Lisa Boyer has offered tanning services to her customers at Hair Care Center and Tanning Salon in Sturgis for at least ten years, but after the Sturgis Bike Rally she is going to discontinue her services due to a new initiative passed by the federal government.
As of July 1, tanning salons across the country will have to charge customers a 10 percent excise tax for tanning bed and booth sessions to help pay for the new $940 billion Patient Protection and Affordable Care Act (the new 2010 Health Care Bill). An initiative the Congressional Joint Committee on Taxation expects to generate $2.7 billion during the next decade.
A disgruntled Boyer said she first learned about the tax two weeks ago from her accountant and doesn't want to pass the cost onto her customers.

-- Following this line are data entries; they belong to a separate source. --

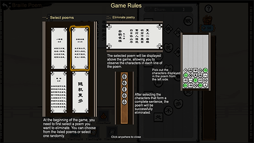 游戏开始后,需要先观测上方您所选的诗词中每一诗句(竖排)的文字有哪些,然后在下方的文字区域中点选出任意一句诗句所包含的全部文字。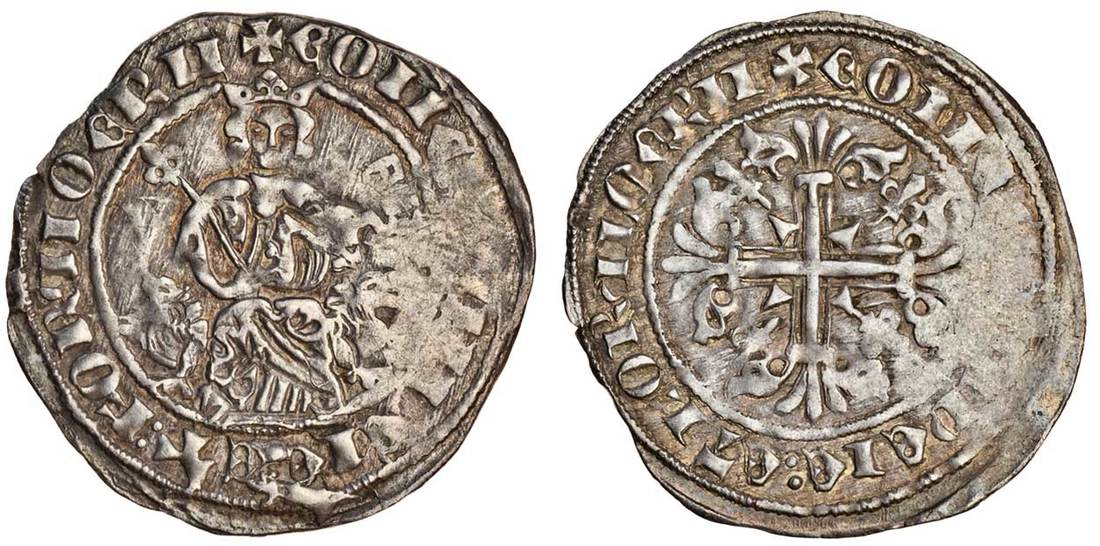 Latin Orient, anonymous, Gigliato, imitating a Naples Gigliato of Robert of Anjou, 3.94g, King seated on throne facing, rev. cross fleury (Schl. VIII, 18), flat in part, otherwise very fine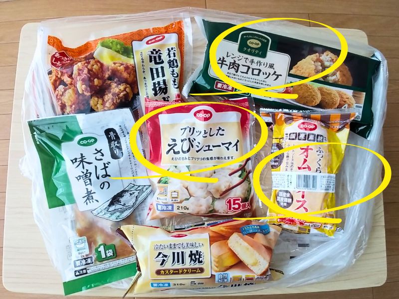 通常のコープの人気冷凍食品のほか、おうちコープオリジナルの「ユーコープ商品」も入ってました。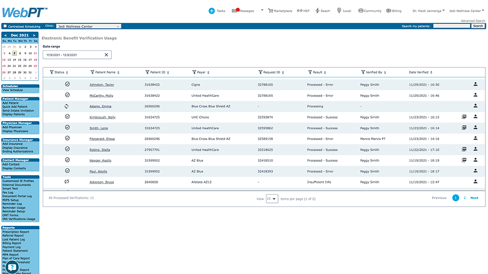 Because eBV is powered by the WebPT EMR, all insurance information is automatically transferred to the patient chart, eliminating double-data entry—and other manual errors that occur when retyping insurance information. eBV also creates usage reports that help you sort, track, and manage previously processed verification requests.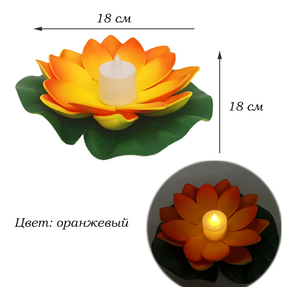 Плавающий фонарик Кувшинка со свечей 18х18 см, оранжевый

"I can raise my prices but that is unfair just because customers are being taxed on them," said Boyer who has three tanning beds in her salon. "I'm going to have to start putting up notes and ads in the paper telling everyone that I'm discontinuing it."
Boyer said she will join the rest of the Black Hills tanning salons that might lose money and customers due to the new initiative. She said she will lose 15-20 percent of her overall profit after discontinuing her tanning services.
Like Boyer, who realized the cost isn't worth it, Black Hills businesses are becoming more aware of the new tax and are looking at alternatives to keep the higher cost off of customers' shoulders.
Pure Tan owner Sarah Dittman said she will have to pass the cost onto her Spearfish customers but can sell lotion or other tanning products that have free minutes on it to lessen the blow of the tax. She said she has been running specials to allow customers to stock up on minutes before the tax is implemented.
"It's a sin tax," Dittman said. "It's very unfair that they are saying tanning beds are so unhealthy it's a burden on our healthcare system. I think they need to look at the problem with obesity and the issues associated with that more so than tanning beds."
Stacy Cline, co-owner of Sedona Sun Tanning & Day Spa on Jackson Boulevard, created a point system for her customers after the law was passed. For every dollar spent towards tanning minutes, customers get one point, or ten cents, back that they can use towards more minutes.
"Because 10 percent is quite a bit to handle, we figured we wanted to do something for everybody," Cline said.
Jeannie Bourne, Cline's mother and co-owner of Sedona, said they first heard about the new tax when the health bill became law in March. Sedona received a letter in the mail from the Internal Revenue Service on June 18 with information about the new tax.
She said the tax is unfair to tanning salons especially since her salon just opened up in May of 2009.
"I'm sure it will hurt other tanning salons that have been her longer than us," Bourne said. "I know salons are going to have to pass it to their customers."
Before walking into Tan World on E. St. Patrick St, Natalie Slack said the tax may not be fair for the salon but understands passing it onto the consumers.
Slack, a 25-year-old that tans about twice a month, said she probably won't stop tanning after the tax is implemented since ten percent won't be that big of a deal to consumers after awhile.
"It's like when the power company raised their prices so high," she said referring to the increase by Black Hills Power. "It seems drastic, but eventually I think people will get over it."
24-year-old Nicole Martin said taxing tanning salons isn't that necessary.
"I think they could use it on something better like taxing cigarettes or tobacco more," Martin said.
As tanning salons will see a change July 1, "qualified" fitness facilities that offer tanning services will not have to charge the additional 10 percent tax.
The IRS explains that tanning services in these facilities are "incidental" and it is difficult to separate out the cost of the tanning service from other services at the fitness center, so the tax is not imposed.
Boyer said the exemption is ridiculous.
"I don't think it's fair," she said. "If they are going to tax one entity then they should all be taxed."
The Indoor Tanning Association, who has about 380 registered member salons throughout the country, worked hard to keep the tax from passing.
John Overstreet, ITA executive director, said the exemptions could hurt tanning salons as fitness facilities could lure their customers with not having to pay the tax.
"It singles out one segment of the business," he said. "If you get a sun tan at a health club does that mean it's healthy?"
With health playing a large role in the determining factor of implementing the tax, Dr. Lycia Scott, a Dermatologist at the Skin Institute in the Rapid City Medical Center, said this is a win for the health industry.
She said that several studies indicate a 75 percent increased risk of melanoma for those who are exposed to UV radiations from indoor tanning.
"The last time I read there are more than 2 million teenagers using tanning beds in the U.S.," Scott said. "If they can target that money into healthcare, it's a positive step to pay for health damage and diseases that occur from tanning beds. This tax is a big step in raising awareness of the harmful effects of tanning."
She said avid tanners should look to spray on or airbrush tans because there are no harmful effects of UV radiation and the new tax doesn't apply to them.
As the new tax comes during the slowest time for tanning salons Overstreet thinks the tax won't last long.
"I would love to see the tax repealed," Overstreet said. "I'm openly optimistic that it will be. I don't think it will achieve the revenue they projected."